A Simple jobscript running a CUDA code on a single GPU on IBEX cluster

#!/bin/bash
#SBATCH --time=00:10:00
#SBATCH --gpus=1
module load cuda/11.2.2
./my_cuda_app

It is important to note that there is no requriement of a specific type of GPU requested. In such case, SLURM will default to oldest available GPU to this job.
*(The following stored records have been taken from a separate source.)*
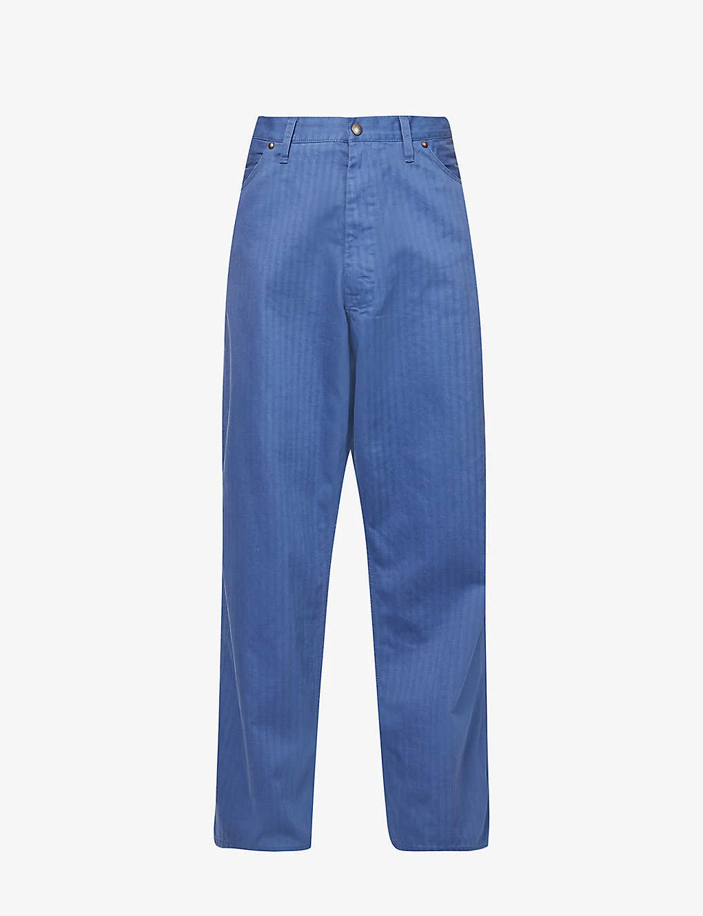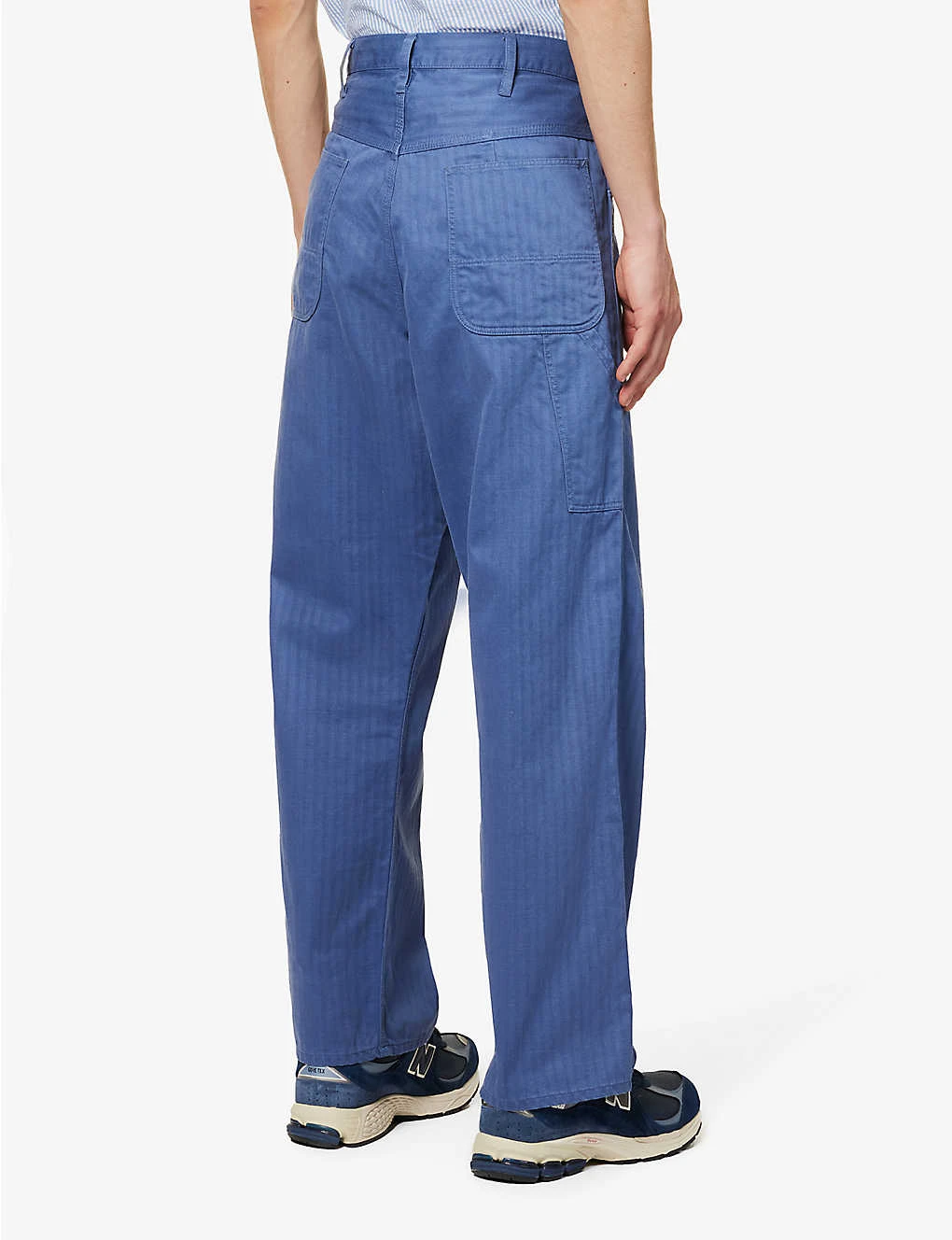 - Regular-fit, mid-rise, wide leg, belt loops, two slip pockets at front, all-over herringbone weave, V-shaped yoke at back, two patch pockets at back, partially lined
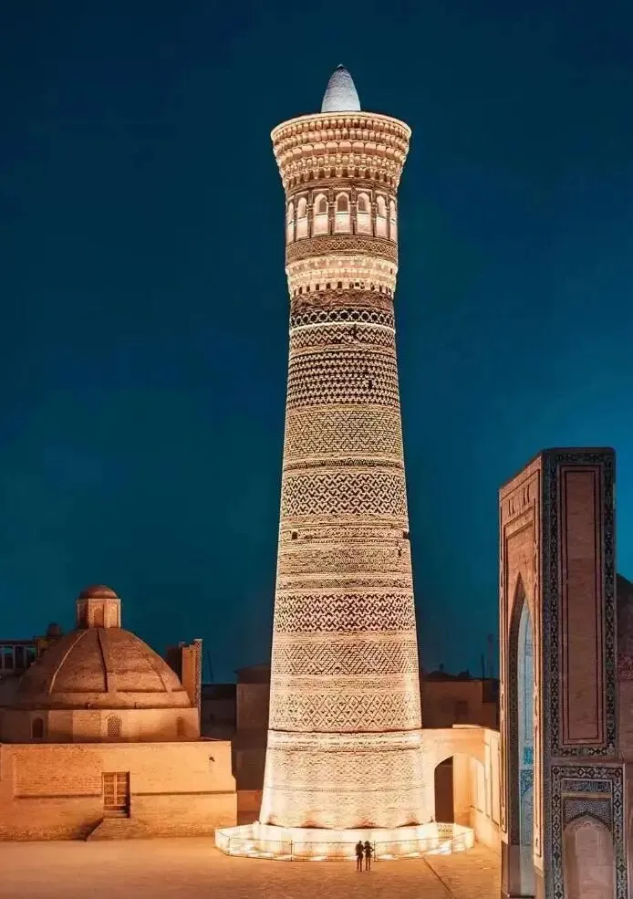 卡扬宣理塔:此塔建于内地的北宋年间,建成的时候成为布哈拉最高的建筑,一到布拉哈远远地就能看到卡扬宣理塔。塔身螺旋结构实现声波定向传播,塔身的14个装饰带与46.5米的高度达成声场聚焦,令其声波效率较传统设计提升42%,是凝固在砖石间的信仰召唤。
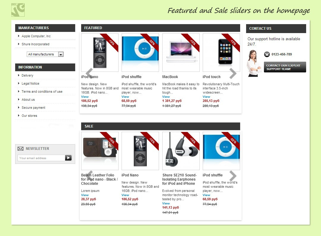 - Links to the product pages and categories in the slider
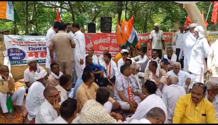 भिवानी || देश की केन्द्रीय ट्रेड यूनियने सीटू, एटक, इन्टक, आल इन्डिया यू टी यू सी, कर्मचारी संगठन सर्व कर्मचारी संघ , कर्मचारी महासंघ, रिटायर्ड कर्मचारी संघ, संयुक्त किसान मोर्चा से अखिल भारतीय किसान सभा, आल इन्डिया किसान खेत मजदूर संगठन के आह्वान पर देशभर में भाजपा की केन्द्र सरकार व भाजपा की राज्य सरकारों की जन विरोधी नीतियों व उनकी साम्प्रदायिक नीतियों के विरोध में जिला हैडक्वाटर पर दो दिन से जारी पड़ाव आज सम्पन हुआ, केन्द्रीय ट्रेड यूनियनों व कर्मचारी संगठनों ने उपायुक्त के मार्फत प्रधानमंत्री को ज्ञापन भेजा। आज के कार्यक्रम की संयुक्त अध्यक्षता उपरोक्त संगठनों के कृष्ण बड़सी, फूल ंिसह इन्दौरा, फूल सिंह, सुदेश रिवासा, रामफल देशवाल, राजेश जांगड़ा, सहदेव रंगा ने संयुक्त रूप से की। मंच संचालन सीटू जिला सचिव अनिल कुमार ने किया। इस मौके पर मणिपुर व मेवात में हुई साम्प्रदायिक हिंसा के खिलाफ प्रस्ताव पास किया।
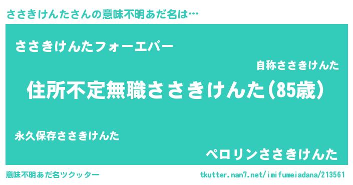 | 男性向けラノベタイトル風あだ名 | 『この素晴らしい世界にささきけんたを!』 |
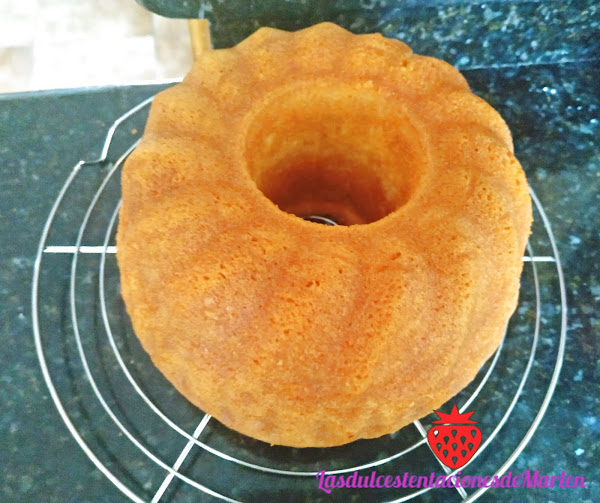 Precalienta el horno a 180ºc con calor arriba y abajo. Vierte la mezcla preparada en el molde. Hornea 40 minutos. Comprueba si está hecho, pinchando en el centro del bizcocho con un palito. Deja enfriar el bizcocho por completo y desmóldalo.
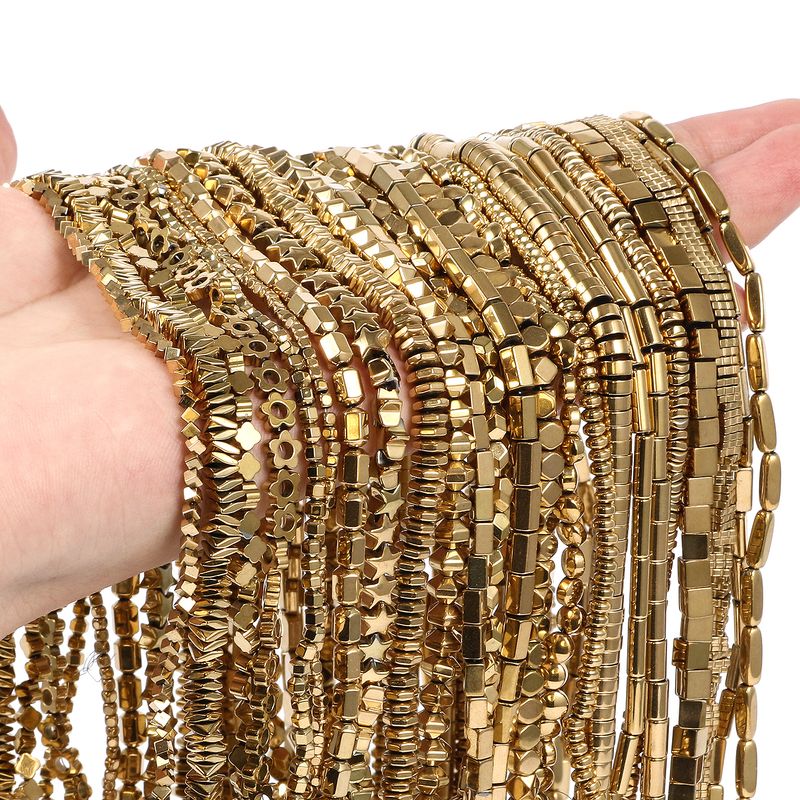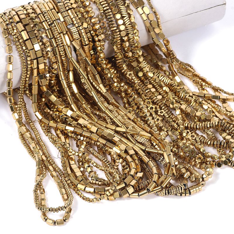 Items Name:Natural Stone AAA+ Hematite Gold-Plated Color Retention Round Spacer Loose Beads for Jewelry Making DIY Bracelet Necklace 15''

In case you are aware that your application requires a specific microarchitecture of GPUs, with e.g. large GPU memory, or tensor cores, or transformer engine etc, you must add an additional SLURM directive --constraint with the respective constrant name. The jobscript may look as follows after this addition:

#!/bin/bash
#SBATCH --time=00:10:00
#SBATCH --gpus=1
#SBATCH --constraint=v100
module load cuda/11.2.2
./my_cuda_app

Multiple GPUs on a single node#

A Simple jobscript running a CUDA code on 4 GPUs on single node on IBEX cluster

#!/bin/bash
#SBATCH --time=00:10:00
#SBATCH --cpus-per-task=4
#SBATCH --mem=64G
#SBATCH --gpus=4
#SBATCH --gpus-per-node=4
#SBATCH --constraint=v100&gpu_ai
source /ibex/user/$USER/miniconda3/bin/activate my_cuda_env
srun –c 4 python train.py

Multiple GPUs on Multiple nodes#

A Simple jobscript running a CUDA code on 2 nodes, with 4 V100 GPUs on each node and 8 cpus per gpus dedicated to feed data to each GPU. Note that the jobscript requests resources namely ntasks and ntasks-per-node which refer to the number of processes required on each node. cpus-per-node are the CPU cores requested to launch multiple threads on each node.

#!/bin/bash
#SBATCH --time=00:10:00
#SBATCH --ntasks=2
#SBATCH --ntasks-per-node=1
#SBATCH --cpus-per-task=32
#SBATCH --mem=64G
#SBATCH --gpus=8
#SBATCH --gpus-per-node=4
#SBATCH --constraint=v100
source /ibex/user/$USER/miniconda3/bin/activate my_cuda_env
srun -n 2 -N 2 -c 32 python train.py